Meteorological history
- Formed: 24 February 1992
- Extratropical: 5 March 1992
- Dissipated: 9 March 1992

Category 4 severe tropical cyclone
- 10-minute sustained (FMS)
- Highest winds: 195 km/h (120 mph)
- Lowest pressure: 925 hPa (mbar); 27.32 inHg

Category 4-equivalent tropical cyclone
- 1-minute sustained (SSHWS/JTWC)
- Highest winds: 240 km/h (150 mph)
- Lowest pressure: 910 hPa (mbar); 26.87 inHg

Overall effects
- Fatalities: 1 confirmed
- Areas affected: Solomon Islands, Vanuatu, New Caledonia, New Zealand
- IBTrACS
- Part of the 1991–92 South Pacific and Australian region cyclone seasons

= Cyclone Esau =

Category 4 South Pacific and Australian region cyclone in 1992

Severe Tropical Cyclone Esau was the strongest tropical cyclone to affect New Caledonia on record. A shallow tropical depression developed within the monsoon trough during 24 February 1992, about 370 km to the northeast of Port Vila, Vanuatu.
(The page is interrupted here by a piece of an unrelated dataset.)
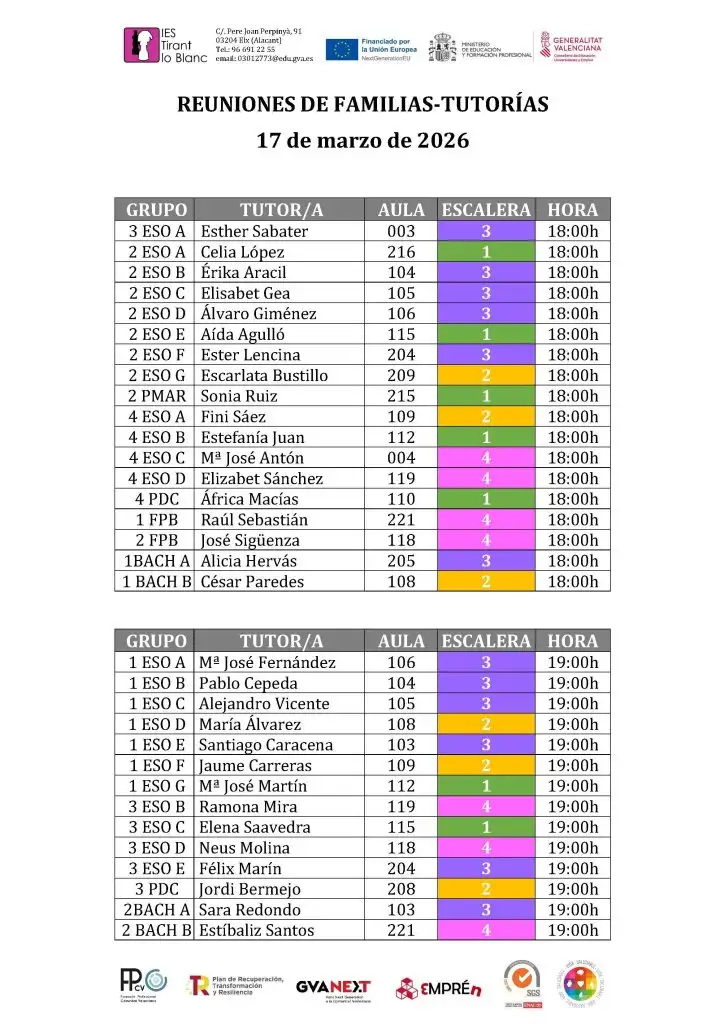 El próximo 17 de marzo tendrán lugar las reuniones de familias con tutores en dos turnos (18h y 19h). En estos calendarios podéis comprobar las horas y las aulas de las reuniones de cada grupo:

Over the next day, the system gradually developed further as it moved towards the south-west under the influence of a northerly steering flow, before it passed over Pentecost Island in northern Vanuatu during 25 February. After passing over Pentecost the system continued to move towards the southwest and passed near the island of Malakula before the depression turned northwards and executed a small clockwise loop as it passed over the island of Espiritu Santo. The system was subsequently named Esau during 26 February, after it had developed into a tropical cyclone. Over the next couple of days, the system moved south-westwards towards Australia and away from the islands of Vanuatu. Esau subsequently executed a second clockwise loop during 28 February, before it peaked as a Category 4 tropical cyclone on both the Australian tropical cyclone intensity scale and the Saffir-Simpson hurricane wind scale. After it had peaked the system moved south-eastwards and threatened Southern Vanuatu, before turning southwards and threatening the French overseas territory of New Caledonia. Esau made landfall on the French territory during 4 March, as a category 3 severe tropical cyclone before degenerating into an extratropical cyclone during 5 March. The systems remnants made landfall on New Zealand's North Island during 8 March, before they were last noted during the next day over the South Pacific Ocean.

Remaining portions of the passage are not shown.